PROBLEM TO SOLVE
The response should be an exact copy of the records, with the pictures removed.

INPUT RECORDS Block Start

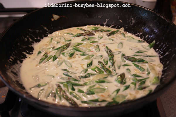 Poner algo de agua en una olla grande y el calor. Calentar el aceite y la mantequilla en una sartén grande. Finamente, cortar la cebolla y cortar los tallos de espárragos diagonalmente para obtener rodajas finas. Poner la cebolla y tallos de espárragos en la sartén y cocinar durante unos 8-10 minutos o hasta que esté dorada la cebolla y los espárragos se empieza a ablandar. Añadir las cabezas de espárragos, una pizca de pimienta negra recién molida, sal y cocine durante unos minutos. Añadir sal gruesa al agua de la pasta cuando arranque el hervor y cocinar tus tallarines en él. Añadir la nata a la mezcla de espárragos y la cebolla y deje reducir a fuego medio alto hasta que obtengas una salsa espesa.
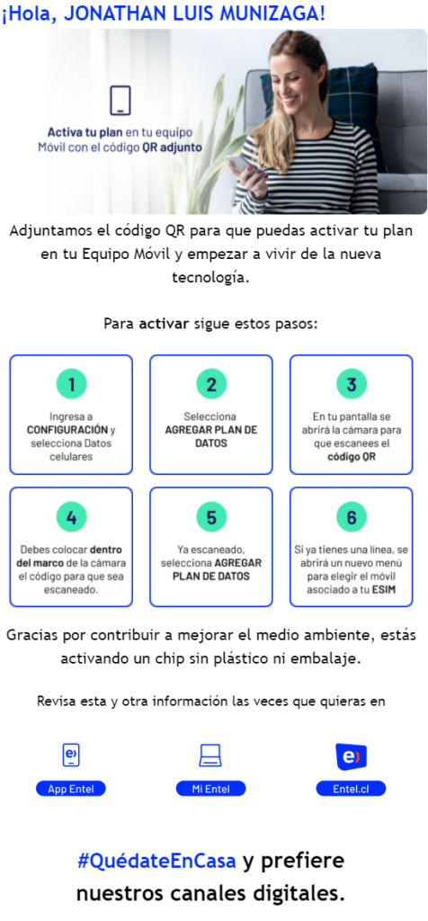 La ejecutiva me dice que está todo listo y me pregunta si necesito algo más, yo le digo que eso sería todo, nos despedimos y me retiro de la sucursal feliz con mi eSIM de Entel.
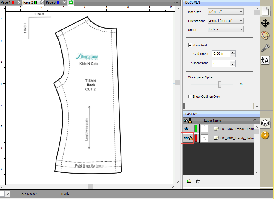 Because we want to see the pattern image to draw the lines that will be drawn on the cutter, we’re not going to straighten the pattern now. We’ll wait to do that until after the draw lines are complete. For now, though, those extraneous dots inside the outline will be a problem. They’ll get in the way when trying to draw the pattern markings, and they would also be cut on the cutter.
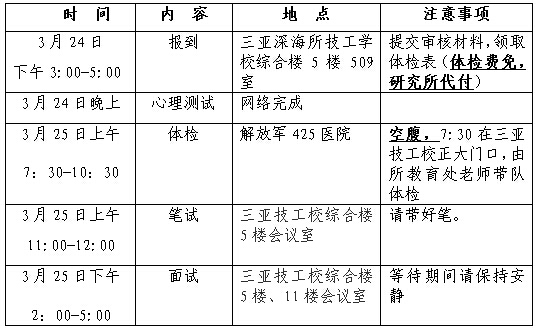 中科院深海科學與工程研究所2016年招收碩士研究生復試工作定于2016325日在三亞進行。具體內容如下:
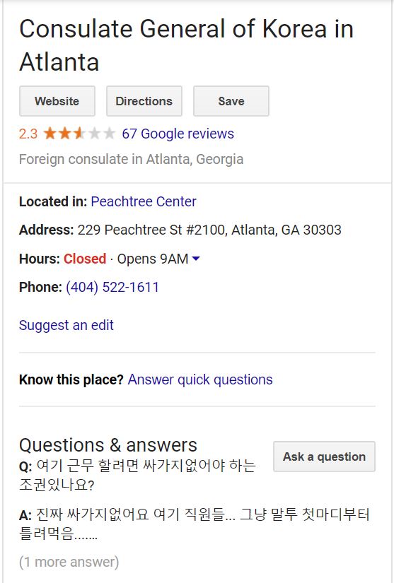 비즈니스 뿐만 아니라 공공기관이나 일반단체에도 이러한 페이지가 만들어집니다. 동남부에서 대한민국 정부를 대표하고 있는 애틀랜타총영사관도 구글 페이지가 있습니다. 그 페이지에서 가장 눈길을 끄는 것도 한 이용자가 올린 질문과 다른 분의 답변입니다. 그 내용은 창피하게도 “여기(총영사관에) 근무하려면 O가지없어야 하는 조건있나요?”와 “진짜 O가지없어요 여기 직원들… 그냥 말투 첫마디부터 틀려먹음”입니다.
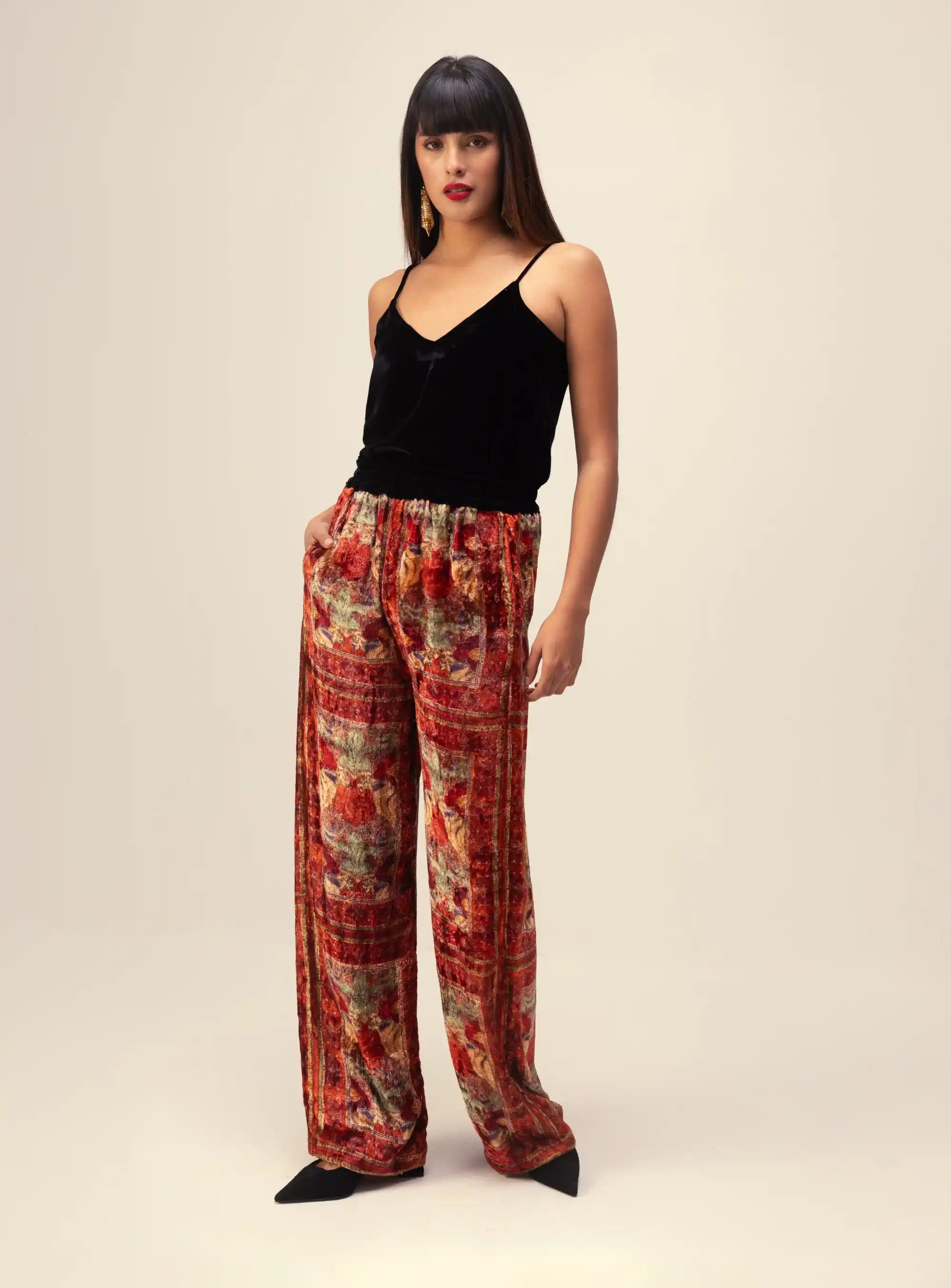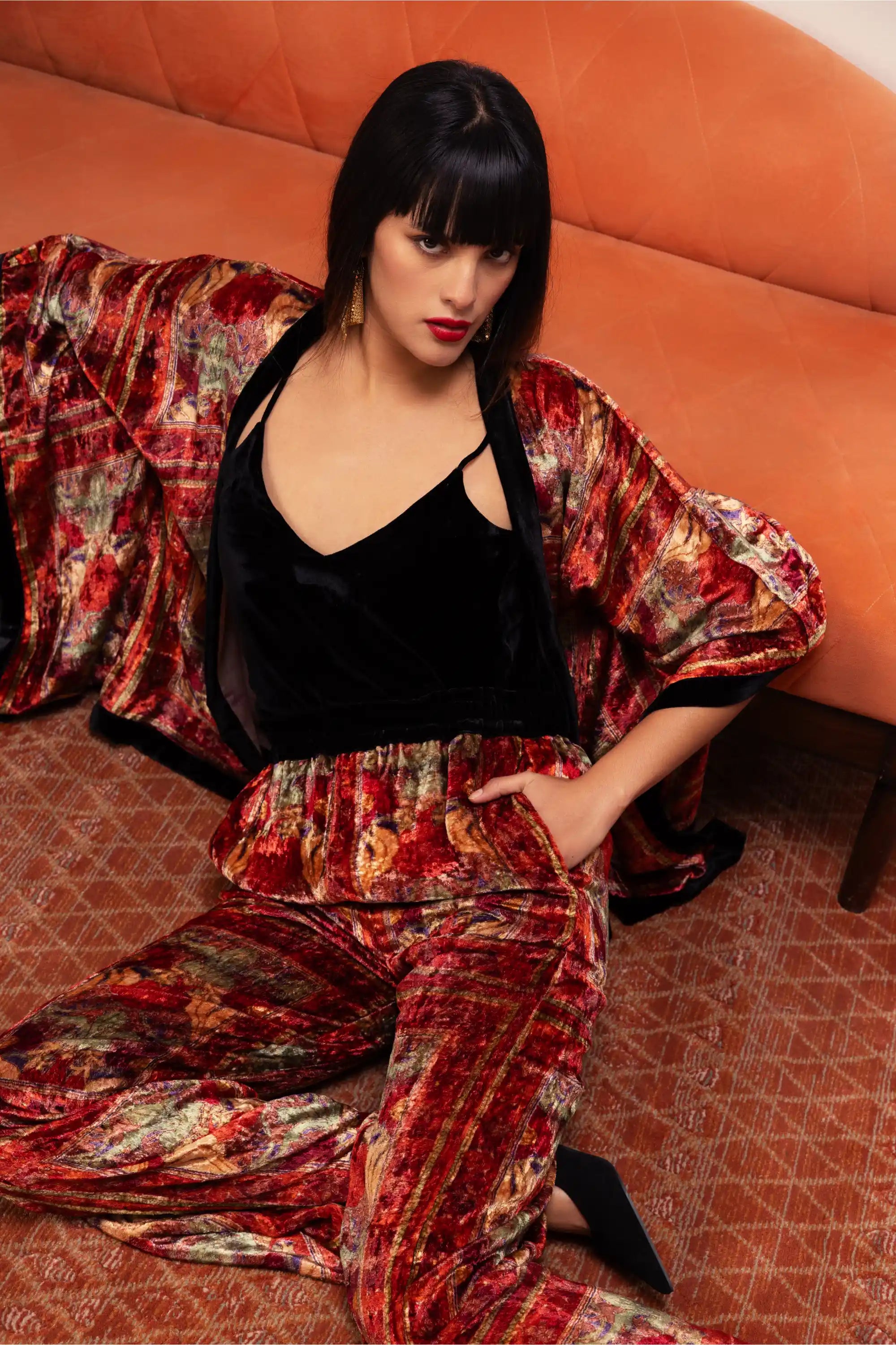 Make a bold statement with our kimono top and pants co-ord set, featuring a vibrant floral placement print accented by a striking contrast border. Crafted from soft red multi-colored viscose velvet, this ensemble combines luxurious comfort with eye-catching style. The flowing kimono top pairs elegantly with the tailored pants, creating a harmonious look that's perfect for both casual outings and special occasions. Embrace chic sophistication and elevate your wardrobe with this stunning set!

INPUT RECORDS Block End

ANSWER SECTION
 Poner algo de agua en una olla grande y el calor. Calentar el aceite y la mantequilla en una sartén grande. Finamente, cortar la cebolla y cortar los tallos de espárragos diagonalmente para obtener rodajas finas. Poner la cebolla y tallos de espárragos en la sartén y cocinar durante unos 8-10 minutos o hasta que esté dorada la cebolla y los espárragos se empieza a ablandar. Añadir las cabezas de espárragos, una pizca de pimienta negra recién molida, sal y cocine durante unos minutos. Añadir sal gruesa al agua de la pasta cuando arranque el hervor y cocinar tus tallarines en él. Añadir la nata a la mezcla de espárragos y la cebolla y deje reducir a fuego medio alto hasta que obtengas una salsa espesa.
 La ejecutiva me dice que está todo listo y me pregunta si necesito algo más, yo le digo que eso sería todo, nos despedimos y me retiro de la sucursal feliz con mi eSIM de Entel.
 Because we want to see the pattern image to draw the lines that will be drawn on the cutter, we’re not going to straighten the pattern now. We’ll wait to do that until after the draw lines are complete. For now, though, those extraneous dots inside the outline will be a problem. They’ll get in the way when trying to draw the pattern markings, and they would also be cut on the cutter.
 中科院深海科學與工程研究所2016年招收碩士研究生復試工作定于2016325日在三亞進行。具體內容如下:
 비즈니스 뿐만 아니라 공공기관이나 일반단체에도 이러한 페이지가 만들어집니다. 동남부에서 대한민국 정부를 대표하고 있는 애틀랜타총영사관도 구글 페이지가 있습니다. 그 페이지에서 가장 눈길을 끄는 것도 한 이용자가 올린 질문과 다른 분의 답변입니다. 그 내용은 창피하게도 “여기(총영사관에) 근무하려면 O가지없어야 하는 조건있나요?”와 “진짜 O가지없어요 여기 직원들… 그냥 말투 첫마디부터 틀려먹음”입니다.
 Make a bold statement with our kimono top and pants co-ord set, featuring a vibrant floral placement print accented by a striking contrast border. Crafted from soft red multi-colored viscose velvet, this ensemble combines luxurious comfort with eye-catching style. The flowing kimono top pairs elegantly with the tailored pants, creating a harmonious look that's perfect for both casual outings and special occasions. Embrace chic sophistication and elevate your wardrobe with this stunning set!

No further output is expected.